Вполне вероятно, что атмосфера празднества была не слишком чистоплотной, хотя не обязательно такой развращенной, какой Тацит заставляет нас предполагать, потому что главное, против чего он действительно возражал – против появления на сцене императора.

«Наконец, с помощью учителей пения подготовившись к выступлению и тщательно настроив кифару, последним выходит на сцену Нерон. Тут же присутствовали когорта воинов с центурионами и трибунами и сокрушенный, но выражавший ему одобрение Бурр» (Тацит. Анналы, XIV, 15).

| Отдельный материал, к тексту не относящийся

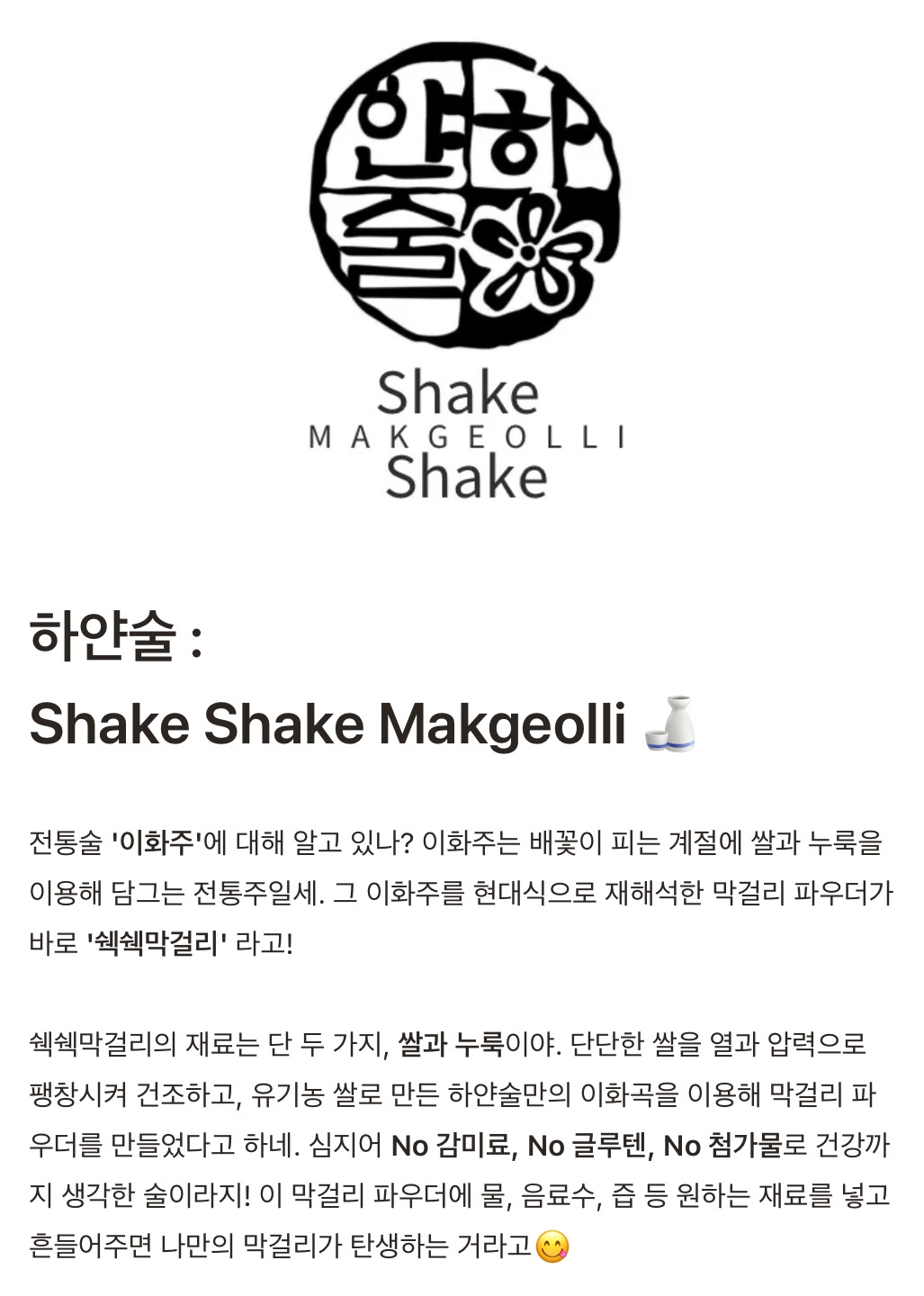 하얀술 쉑쉑막걸리 파우더
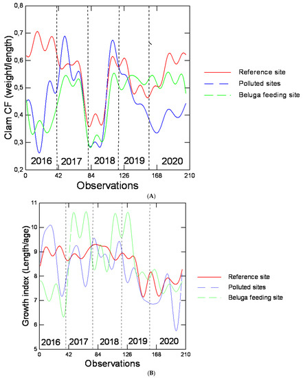 This study also permitted us to examine the temporal changes of clam health by pollution based on the proposed morphological biomarkers (CF, GI and LT) [10]. Based on these endpoints, long-term memory analysis revealed time effects deviating from random changes in time (white noise) at both polluted and BSM sites. A decrease in the CF and GI with an increasing trend in the LT over time was globally observed, i.e., all sites confounded. However, the decrease in the CF was stronger at the polluted sites and showing more intense amplitude changes (instability). At BSM, the CF tended to increase in contrast to the reference and polluted sites. With respect to GI, the decrease in time was much more severe at the polluted sites and growth instability in (high amplitude changes), while no long-term changes were observed at BSM. The LT tended to increase more steeply in time at the polluted and BSM compared to the reference site. It is possible that decreased metabolism from the elements discussed above could have contributed to the increased LT. However, the increased air survival time occurred at the expense of growth and size/condition (mass/length ratio). Reduced growth and condition of freshwater mussels was found in those caged downstream of a municipal effluent [29]. This was further supported by the fact that mussel recruitment was sparse downstream of the effluent discharge. In another study, shell length of the wild mussel Elliptio dilatata was smaller with increasing tissue concentrations of Cd, Pb and Zn from a river supporting zinc mining activities [30]. The BSM site contained clams that were mostly contaminated by Ce, Co, Ga, La, Hg, Ni, Sm and V. This raises the issue of beluga whales being contaminated by these elements. In beluga tissues collected in the Arctic near Alaska, some elements were present in beluga skin samples [31]. For example, these metals/elements were higher at some sites compared to Cook Inlet site: Ag (6.6-fold), Cd (4.4-fold), V (4.6-fold) and Hg (9.6-fold). This supports the hypothesis that SLE beluga could be contaminated as well, perhaps in part through feeding on local clam populations. It appears that Hg levels in beluga in the western Artic was not solely related to diet or Hg emissions but followed decanal oscillations [32]. Indeed, Hg contamination seems to follow large oscillations in surface water temperatures spanning many decades, the so-called Pacific or Atlantic Decadal Oscillations. The clams and perhaps beluga contamination profile could show a cyclic period from the Atlantic decadal oscillations. These oscillations occur at time scales covering many decades (10–80 years), much larger than the present time scale of the present survey. Although outside the scope of this survey, this could explain why the GI and LT did not change much over the years.
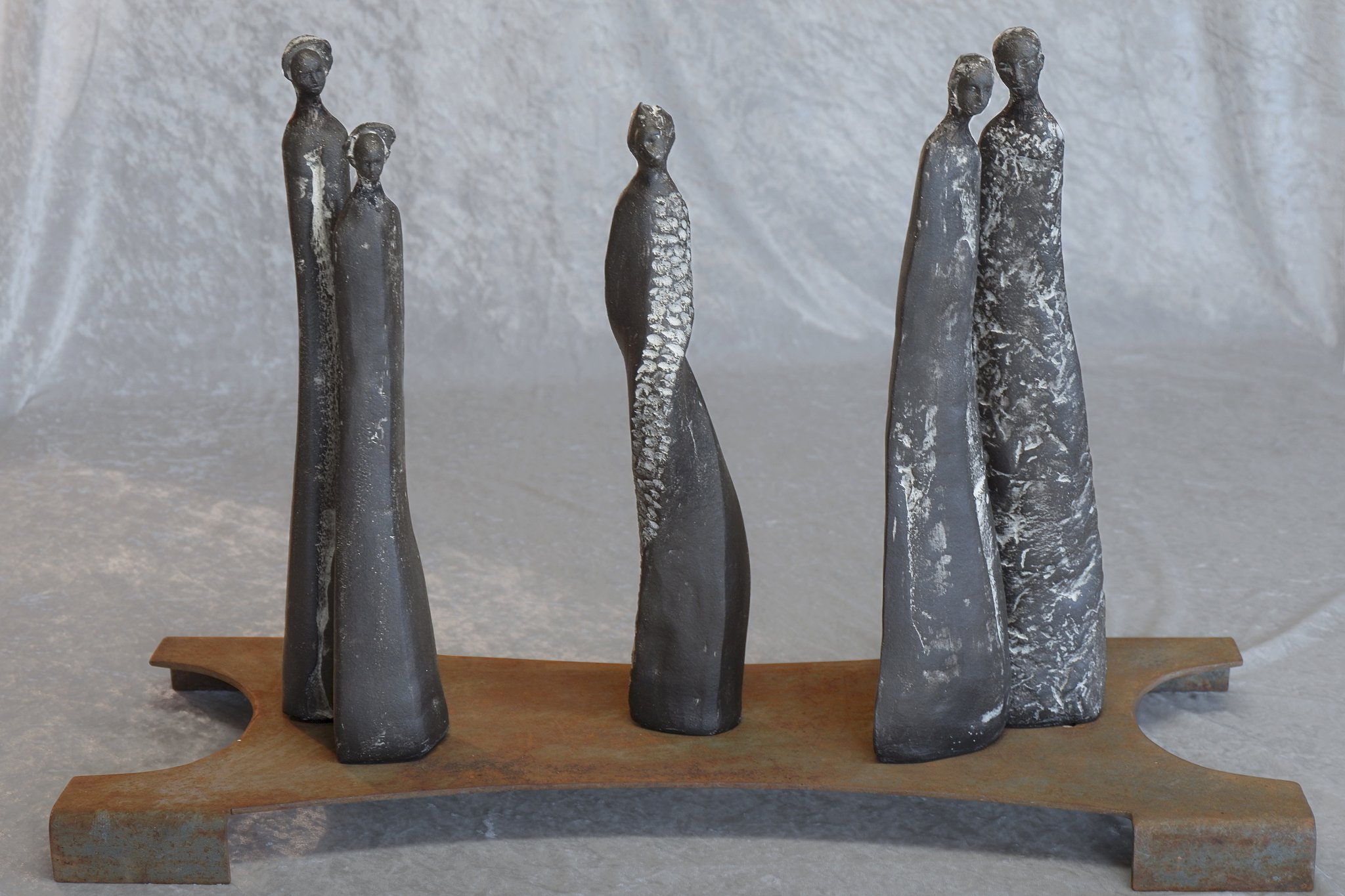 Fünf kreamische Figuren stehen in Verbindung; jede für sich und doch unausweichlich verbunden. Zwischen ihnen entsteht ein unsichtbares Spannungsfeld. Die Arbeit thematisiert menschliche Beziehungen; sichbar gemacht durch Form, Haltung, Struktur und Raum.
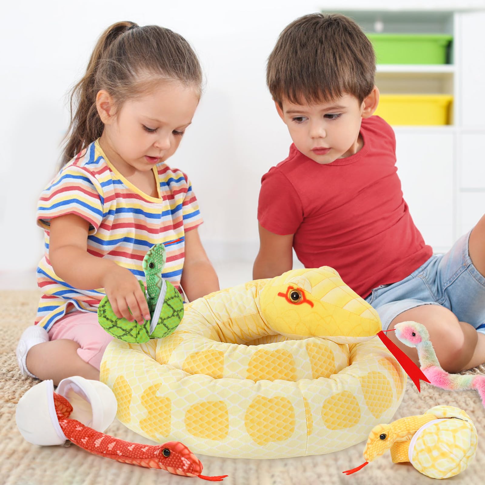 Maogolan Giant Snake Stuffed Animal, Realistic Large Mommy With 4 Babies & 2 Eggs Snakes Plush Toy, 118 ' ' Long Yellow Boa Cons
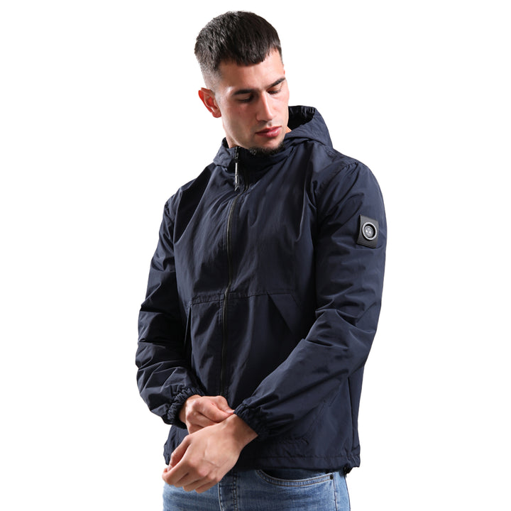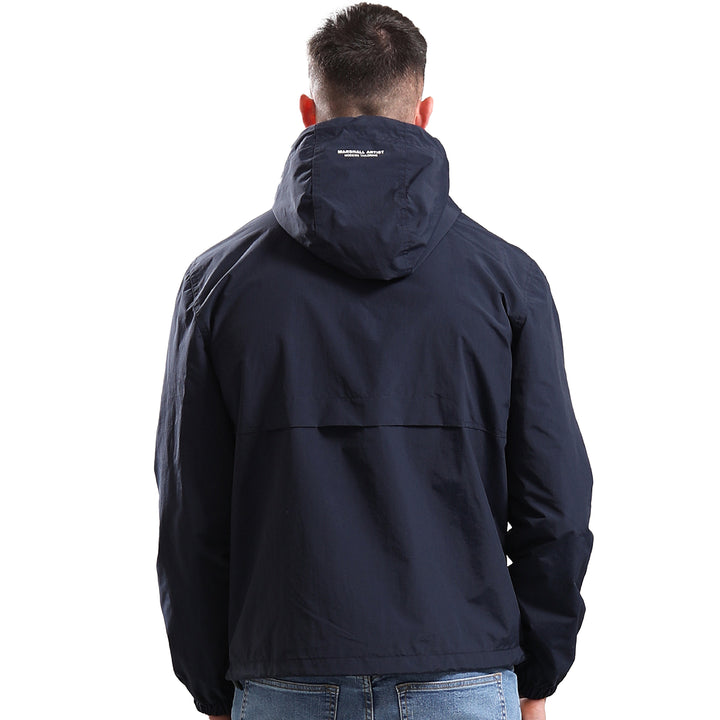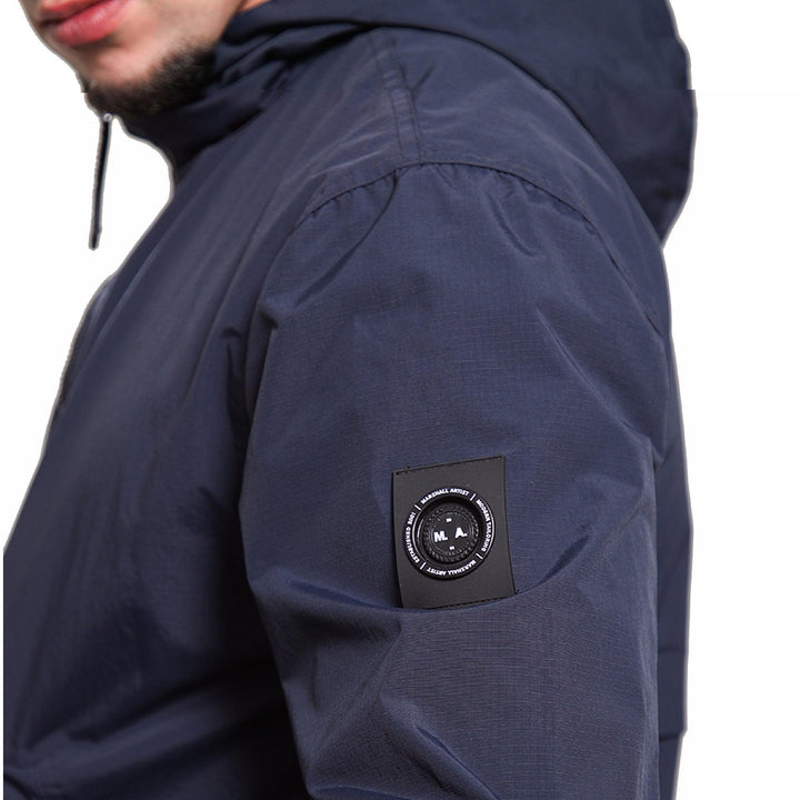 The Marshall Artist Alpha Jacket in Navy offers a regular fit and is crafted from water-resistant polyamide with a durable ripstop texture. It includes elasticated cuffs, a breathable mesh lining, and adjustable features on both the hood and hem. The design is completed with a Siren badge embellishing the left sleeve.

Сенека, как оказалось, тоже был там, и череду выступлений из репертуара и программы императора – «Аттис», «Вакханки» и прочее – объявлял публике Галлион, брат Сенеки. Сенека и Бурр действительно старались по возможности исправить ситуацию. Однако над выступлениями представителей царского рода всегда насмехались приверженцы традиций, еще с тех пор, как дочь Саула Мишель насмехалась над Давидом за прыжки и танцы перед Господом. И в этом случае Тациту вторит хор неодобрения основывающихся на его враждебной версии современников, таких, как иудейский историк Иосиф Флавий и биограф и эссеист Плутарх, которые заявляли о катастрофических политических последствиях сценических потуг Нерона.

Вся беда состояла в том, что Нерон был первым и единственным за всю историю правителем из игравших какое-то реальное значение, который считал себя прежде всего певцом и лицедеем.

Нерон отдавал себе отчет в том, что последуют критические нападки, и старался отвечать на них на языке, понятном приверженцам старых традиций.